Decreases in crime were pretty remarkable for every crime except sexual assualts. Notable improvements were seen in property crimes ('B&E, Robbery,Theft from and of a vehicle etc) and also in violence ('Assault'). Wikipedia shows this district comprises west edmonton mall so property crimes would be expected to high in the area. Whatever intervention (if any) was taken appeared to be effective. Lets look at the area with the greatest increase.

In [None]:
fig, ax = plt.subplots(figsize=(20,7))

Crime[Crime['Hood']=='WALKER'].groupby(['Year']).agg({'# Incidents':np.sum}).sort_values(by=['Year']).unstack().plot(ax=ax)
plt.show()

This area is certainly experiencing more crime. Lets take a deeper dive.

In [None]:
print(Crime[Crime['Hood']=='WALKER'][Crime['Year']==2009].groupby('Crime')['# Incidents'].sum())
print(Crime[Crime['Hood']=='WALKER'][Crime['Year']==2018].groupby('Crime')['# Incidents'].sum())

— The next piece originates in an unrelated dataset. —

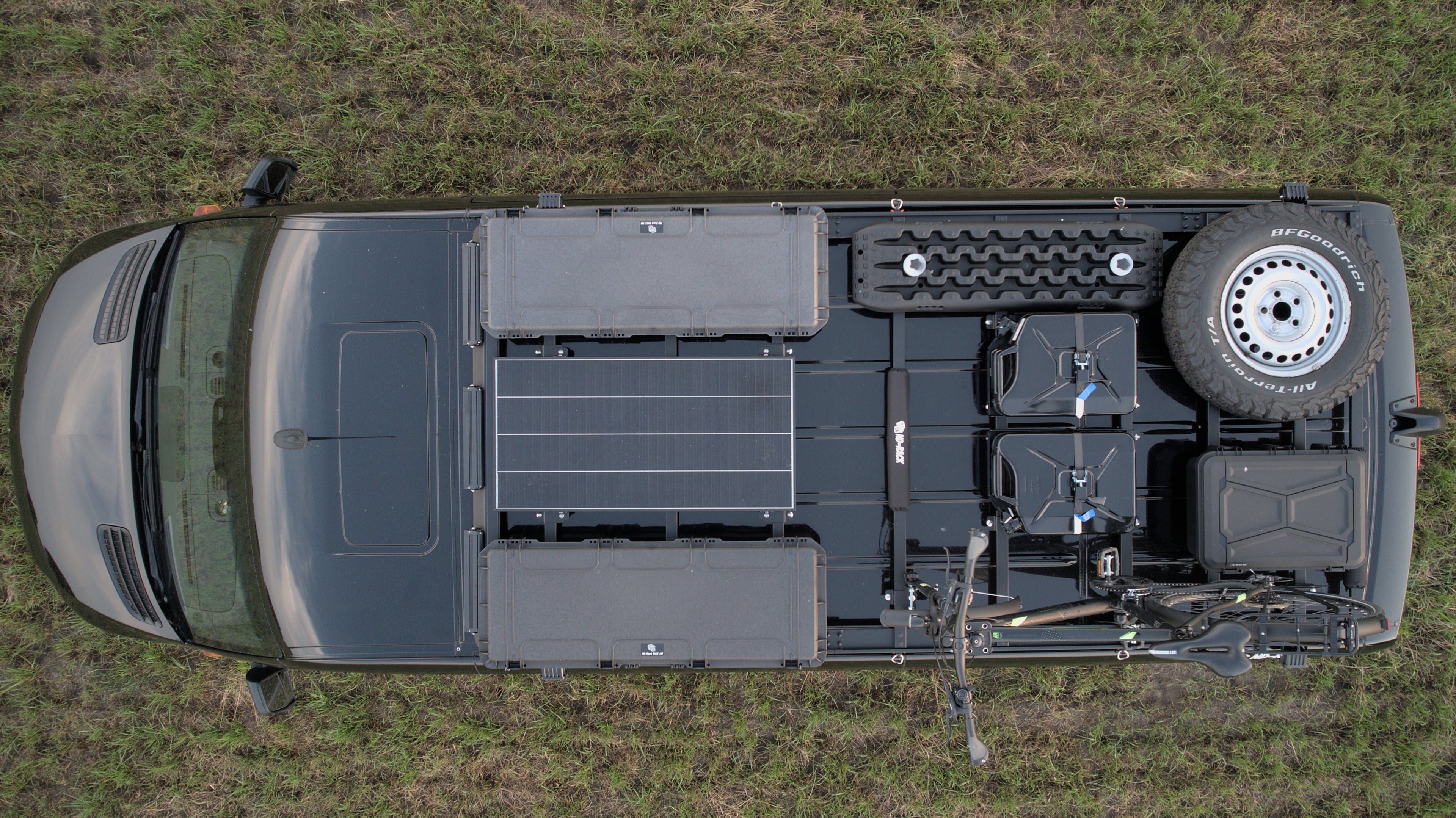 Wenn du Offroad-Pisten fährst und autark sein möchtest, brauchst du Platz. Und die bietet dir ein Dachträger auf deinem Camper – für Reserverad, Fernscheinwerfer, Traktionshilfen und Co. Mit den Universal-Halterungen kannst du nahezu alles sicher auf deinem Van befestigen.

The increase appears to be across the board. The only thing I could do now is to see if the proportion of crime is consistent with other similar areas but I don't know enough about the areas to guess at what might be a fair comparison. I suppose that opens the door to examining the proportion of crimes in each neighbourhood and finding those that are unusually high in one type of crime but not others.

**Conclusion**

At this point I'm going to end this data dive for the time being. There is still much work that can be done on this dataset and perhaps in the future I will return to it or someone else will continue the analysis. If you read to the end please provide comments as to what more you think could be done with this data set or if you noticed any errors in my code I would appreciate the feedback. Thanks for reading.